This is an excerpt from my upcoming book, Productivity Is For Robots

. . .

In the early 1920s, a young writer sat at his desk, struggling to write a new story. He was poor and it was cold and he sat in front of the fireplace, squeezing the peels of little oranges into the flame to watch the sputter of blue they made.

From his window, he looked over the rooftops of Paris and told himself, “Do not worry. You have always written before and you will write now.”

When the young writer sat down in front of the typewriter the next day, the words came easy. He didn’t use any pre-game rituals or chant any mantras. What this writer knew was that it mattered less how he started and more how he had ended the day before. This young writer was Ernest Hemingway.

“I had learned already never to empty the well of my writing, but always to stop when there was still something there in the deep part of the well, and let it refill at night from the springs that fed it.”Ernest Hemingway 

Picture yourself stuck at your desk. Uninspired and unfocused. There’s work to be done but you can’t find the rhythm. You pace the room, check your email. Blank page. Empty head. And then it happens… 

You find the right word, the right answer, the perfect design. Words fly onto the page and emails soar out of your inbox like messenger pigeons from heaven. It feels as though you’re floating above it all, transcended to a realm of focus that would make anyone from Elon Musk to the Dali Lama jealous.

You’ve entered the promised land. The land of flow.

Hours pass. It’s dinner time, but you can’t stop now. You learned a long time ago that the greatest sin of high-performance is to leave anything on the table. The sun goes down. The midnight oil has been burnt. Finally, you stand up and walk away from your work, drained yet triumphant.

Or so you think…

High-performance coach and chess prodigy, Josh Waitzkin once described a conversation he had with skiing legend Billy Kidd about the most important turns on a ski run:

“…the three most important turns of the ski run are the last three before you get on the lift. And it’s a subtle point. That’s when the slope has leveled off, there’s less challenge. Most people are very sloppy. They’re taking the weight off the muscles they’ve been using. They have bad form. The problem with that is that on the lift ride up, they’re unconsciously internalizing bad body mechanics. As Billy points out, if your last three turns are precise, you’re internalizing precision on the lift ride up.”

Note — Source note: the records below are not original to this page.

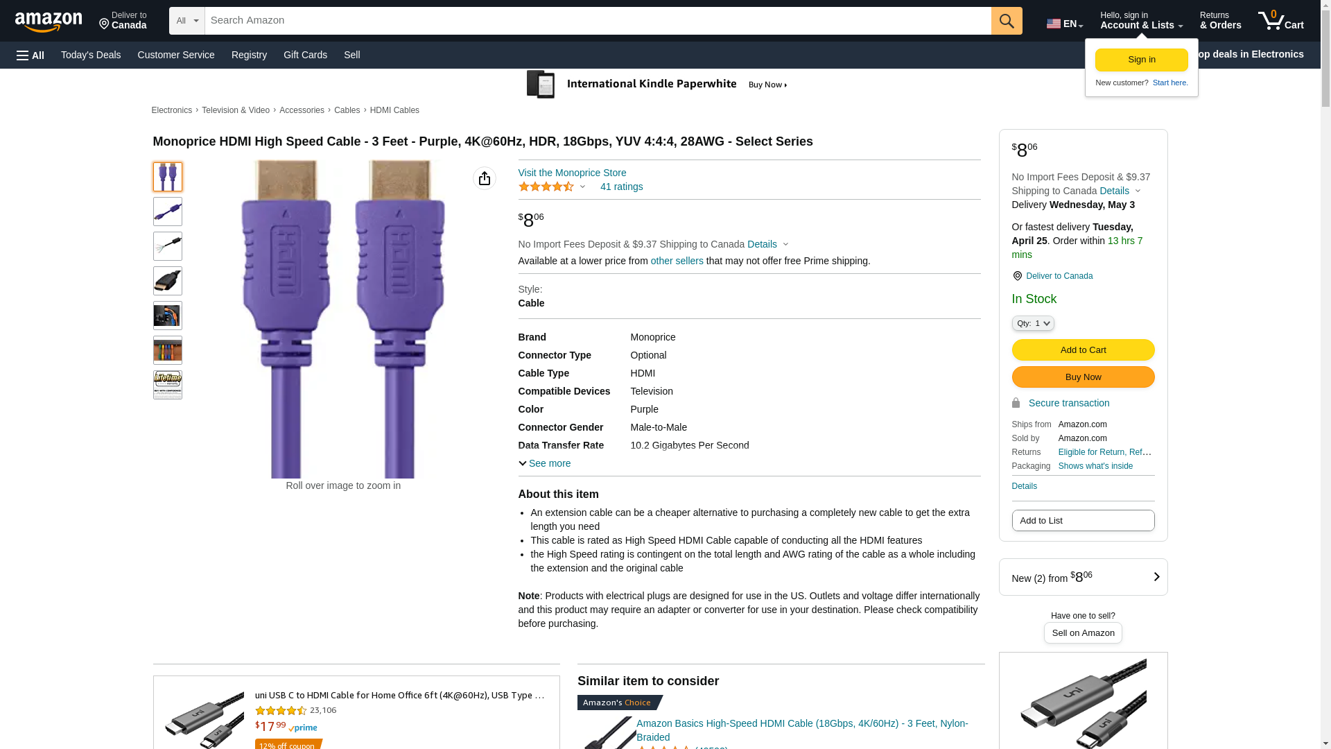 Buy Monoprice HDMI High Speed Cable - 3 Feet - Purple, 4K@60Hz, HDR, 18Gbps, YUV 4:4:4, 28AWG - Select Series: Everything Else - Amazon.com ? FREE DELIVERY possible on eligible purchases
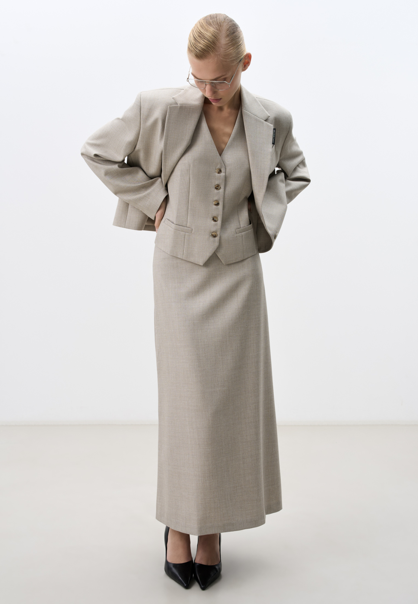 Maxi length skirt made of wool. A-line design with belt loops and side zip fastening. You can complement the look with a vest and jacket.
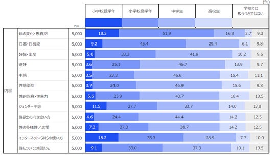 さらに、保護者層では、より早期の性教育を求める傾向があり、約8~9割が「妊娠・出産」、「避妊」、「性的同意・性暴力」を含む幅広い性教育を中学校までに教え始めるのが適切と回答がありました。
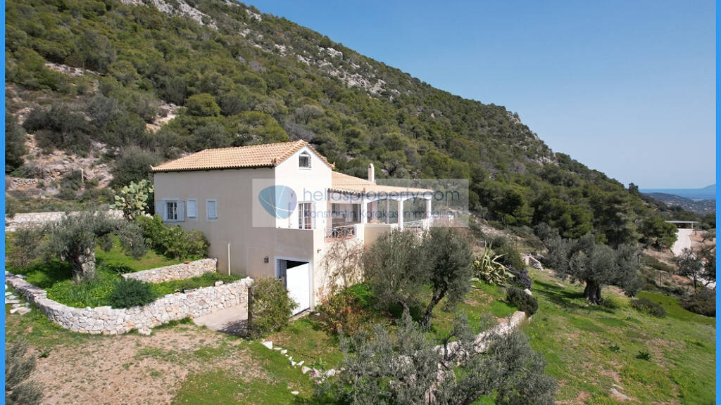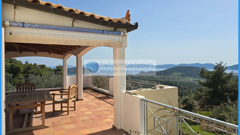Mit Blick auf Ermioni und das Myrtoische Meer steht in wunderschöner Hanglage ein freistehendes mit traditionellen Zügen zweistöckiges Einfamilienhaus auf einem 3.819 Quadratmeter großen Grundstück zum Verkauf.

And so it goes with flow. When we walk away from our work drained, dazed, and confused, we internalize those feelings. That all-nighter where you worked until you literally couldn’t? It may have yielded production, but the brain drain you felt when you walked away followed you home and hitched a ride back to your desk the next day.

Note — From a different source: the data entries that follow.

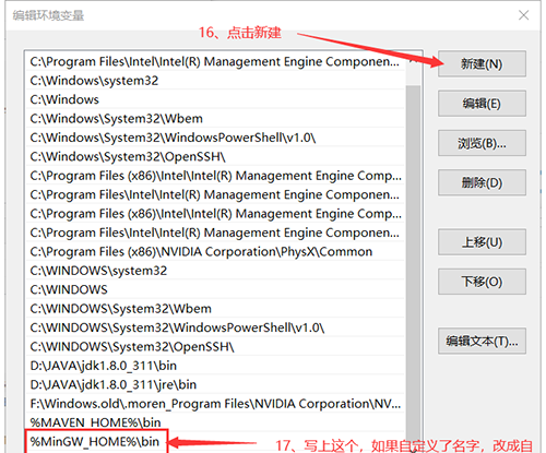4、点击环境变量,找到系统变量的path变量,在最后加上“;C:\MinGW\bin”。
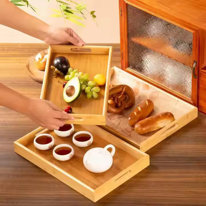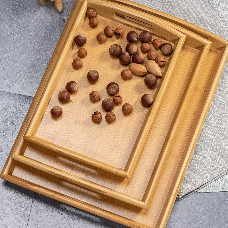 Set de plateaux de service en bois 3 en 1 avec poignées découpées, empilables, élégants et pratiques.
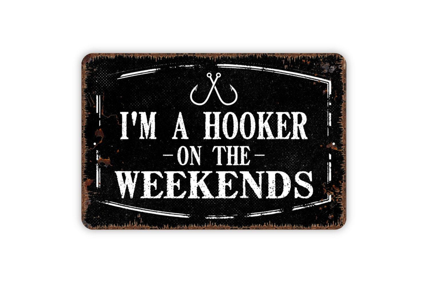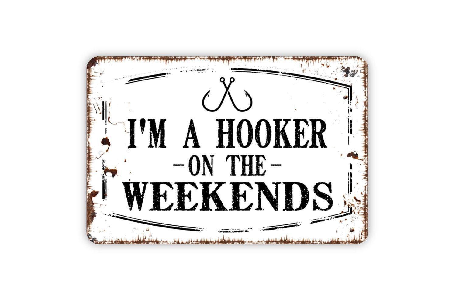 I’m a Hooker on the Weekends Sign | Funny Crochet Sign | Fishing Humor Wall Sign | Craft Room or Cabin Decor | Metal or Vinyl
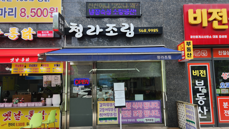 인천 청라조림은 인천의 청라국제도시 근처에 위치한 맛집으로, 신선한 해산물 요리를 전문으로 하는 곳이에요. 이곳은 특히 조림 요리로 유명하며, 다양한 해산물 메뉴를 제공하고 있어요. 청라조림의 외관은 푸른색 차양이 인상적이며, 식당 앞에는 큰 간판이 있어 쉽게 찾을 수 있어요.
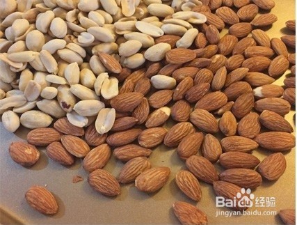 5、搅拌均后,关火,在将杏仁和花生倒入锅内搅拌均匀!
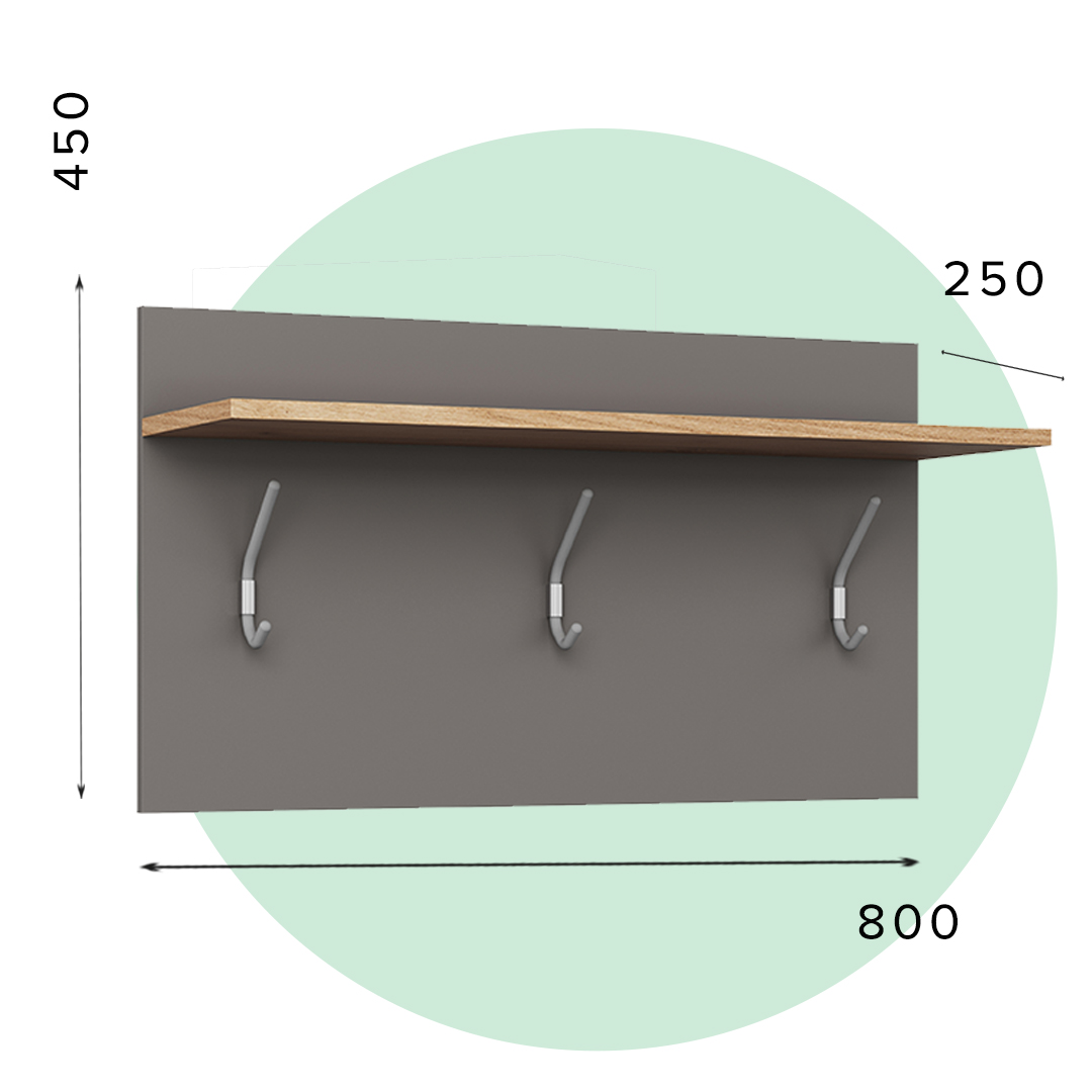 СИТИ Прихожая Вешалка В-3 (450*800*250), Серый Графит/корпус Дуб Крафт Золотой

The bitter gambler always has the same story, “If it wasn’t for that last hand, I’d be rich.” But the gambler who laughs all the way home after doubling her money knows better. She knows it’s because she walked away before her luck ran out. 

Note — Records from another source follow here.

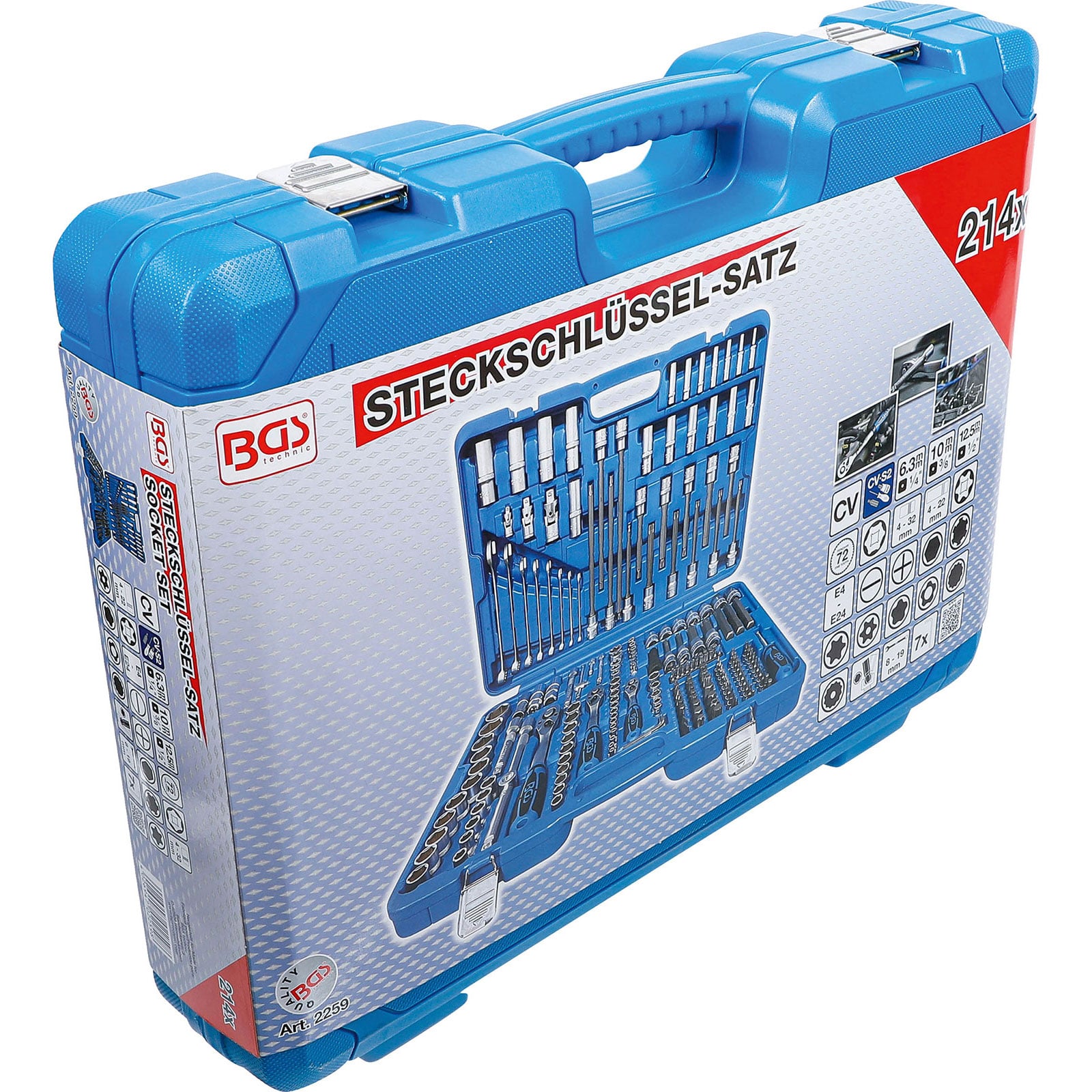 - 1x BGS Steckschlüssel-Satz Sechskant Antrieb 6,3 mm (1/4") / 10 mm (3/8") / 12,5 mm (1/2") 214tlg.
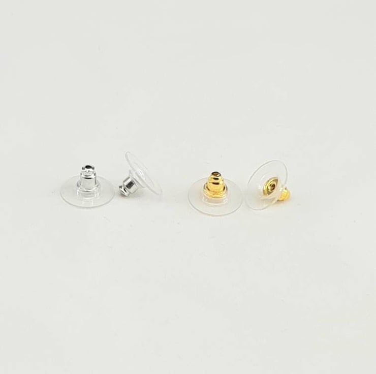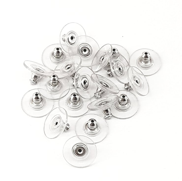 20 clear plastic earring backs, plastic comfort discs with bright silver surgical steel
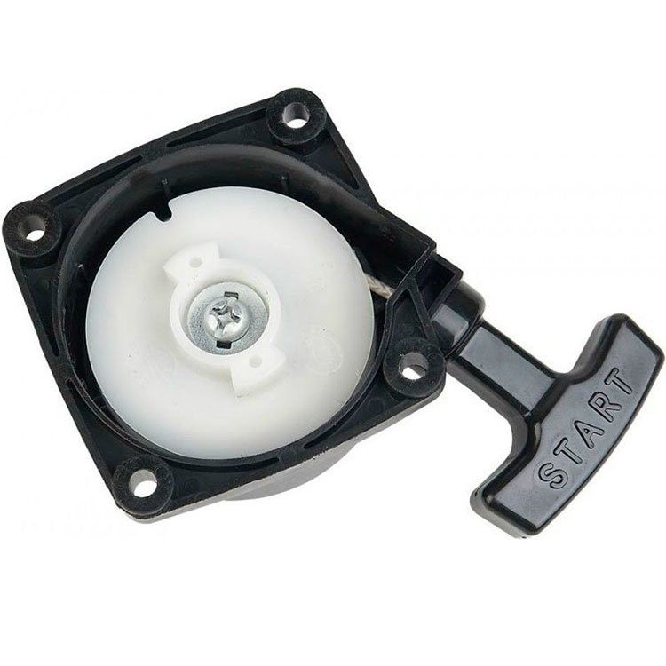 Ручной стартер в сборе для бензиновых триммеров Huter: GGT-1000T/S; GGT-1300T/S; GGT-1500T/S; GGT-1900T/S; GGT-2500T/S. Для раскручивания вала до частоты вращения, которая необходима для запуска двигателя внутреннего сгорания. Запускается в работу специальной рукояткой. Это одна из важных частей двигателя бензотриммера, так как обеспечивает его быстрый и эффективный запуск. Есть шкив типа «бабочка». Тип крепления – на 4 болтах. Корпус из металла в виде квадрата.
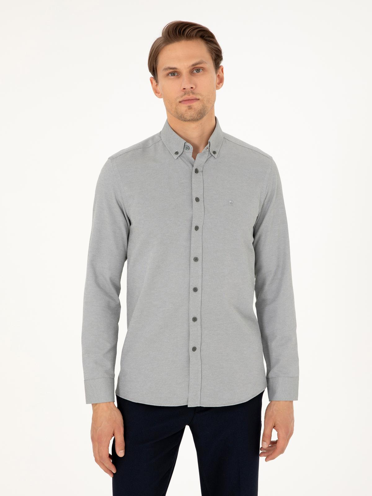 Haki Oxford Slim Fit Uzun Kollu Gömlek

Hemingway understood that flow wasn’t a ghost to be strangled to death on every chance encounter. He knew better than to try and swim upstream from his natural programming. Rather than fight, he embraced the fact that humans don’t have bottomless pits of creative output and turned it into an advantage. His strategy to “never empty the well,” allowed him to walk away from his typewriter while he still had gas in the tank and inspiration on his side. For him it wasn’t about entering flow. It was about never leaving. 

“I always worked until I had something done, and I always stopped when I knew what was going to happen next. That way I could be sure of going on the next day.” 

—Ernest Hemingway 

. . .

 

The last thing most people want to hear when they start a project they are passionate about are “limits.” But placing constraints around the work we do helps to bring out more of what matters most. Limiting the hours dedicated to a new project forces us to zero in on what’s possible as human beings with limited time and resources. Once we know we can’t do as much, we’re free to focus on what we can do better and—most importantly—how we can be different.

The filmmaker Robert Rodriquez learned this when he made his first film, El Mariachi, for only $7,000. It forced him to ask, what do I already have available to me? What if I only shoot every scene once? What if I use 16mm film instead of 35mm? 

El Mariachi didn’t become the classic film it is today in spite of its low budget, but because of it. The limits around where it could be shot, who could be hired, and what the script could contain forced it to become something unique. It won Sundance. And showed a whole generation of young filmmakers how limits can create possibility.

We’re not robots, but we do have limited bandwidth. Placing limits around the hours we work and things we make helps us maintain a state of flow. Limits encourage creativity, just as unlimited options create overwhelm. We already have robots that can work 100 plus hours and sift through endless options. Why try to compete?

We’ve been led to believe that beating our head against the wall in search of quality work is a rite of passage. That it’s those who can stay in the pressure cooker the longest who will eventually win. But anyone can learn to outlast the others. Any robot or machine can put in round-the-clock hours. The real discipline comes from walking away before you’re cooked. 

It takes a cool, Hemingway-like confidence to tell the muses, “We’ve worked enough today. I’m sure I’ll see you around tomorrow.”